Give you some integers, your task is to sort these number ascending (升序).
You should know how easy the problem is now!
Good luck!

 

Input

Input contains multiple test cases. The first line of the input is a single integer T which is the number of test cases. T test cases follow.

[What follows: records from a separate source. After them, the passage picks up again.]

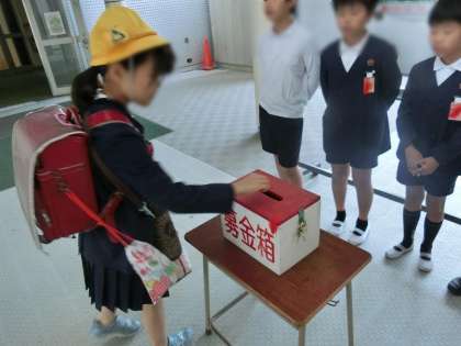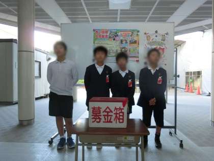 11月5日(月)から9日(金)は北中島小学校の「赤い羽根期間」です。月曜日の朝会で代表委員会の児童が全校児童に募金を呼びかけました。また、この期間は毎日代表委員会の児童がピロティに立ち募金を呼び掛けています。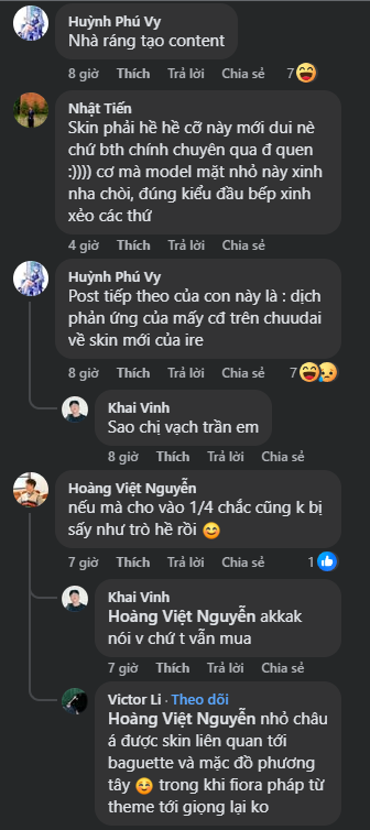 - Thậm chí có bình luận như: “Skin nhìn không biết diễn tả sao luôn, tui nghỉ game mất!”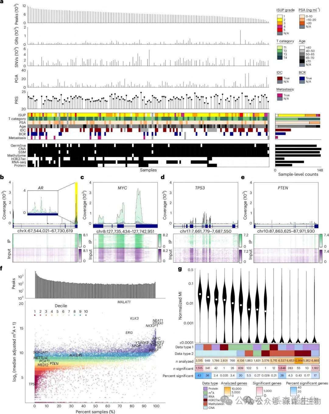 研究通过meRIP-seq对148例高质量局限性前列腺癌组织样本进行分析,识别出32,051个高置信度m6A峰,广泛分布于癌基因(如MYC、AR)及非典型肿瘤抑制基因中,并与RNA表达、CNV、甲基化等组学特征高度相关,构建出系统的前列腺癌表观转录组图谱。

Each test case contains an integer N (1<=N<=1000 the number of integers to be sorted) and then N integers follow in the same line. 
It is guarantied that all integers are in the range of 32-int.

 

Output

For each case, print the sorting result, and one line one case.

 

Sample Input

2 

3 2 1 3 

9 1 4 7 2 5 8 3 6 9

 

Sample Output

1 2 3 

1 2 3 4 5 6 7 8 9

 

Author

lcy

 

 AC code：

 #include<stdio.h>

#define  N 1000

int  split( int  a[], int  low, int  high)
{
    int  part_element = a[low];
    for (;;){
    while (low < high && part_element <= a[high])
     high -- ;
    if (low >= high)  break ;
   a[low ++ ] = a[high];
 
    while (low < high && a[low] <= part_element)
     low ++ ;
    if (low >= high)  break ;
   a[high -- ] = a[low];
   }
   a[high] = part_element;
    return  high;
}
void  quicksort( int  a[], int  low, int  high)
 {
    int  middle;
    if (low >= high) return ;
   middle = split(a,low,high);
   quicksort(a,low,middle - 1 );
   quicksort(a,middle + 1 ,high);
 }
int  main()
{
     int  m,n,i;
     int  a[N];
    scanf( " %d " , & n);
     while (n -- )
    {
        scanf( " %d " , & m);
         for (i = 0 ; i < m; i ++ )
        {
            scanf( " %d " , & a[i]);
        }
        quicksort(a, 0 ,m - 1 );
         for (i = 0 ; i < m - 1 ; i ++ )
        {
            printf( " %d  " ,a[i]); 
        }
        printf( " %d\n " ,a[m - 1 ]);   // 注意：数组最后一个数后面没有空格，并且要注意换行！！！
    }
     return   0 ;
}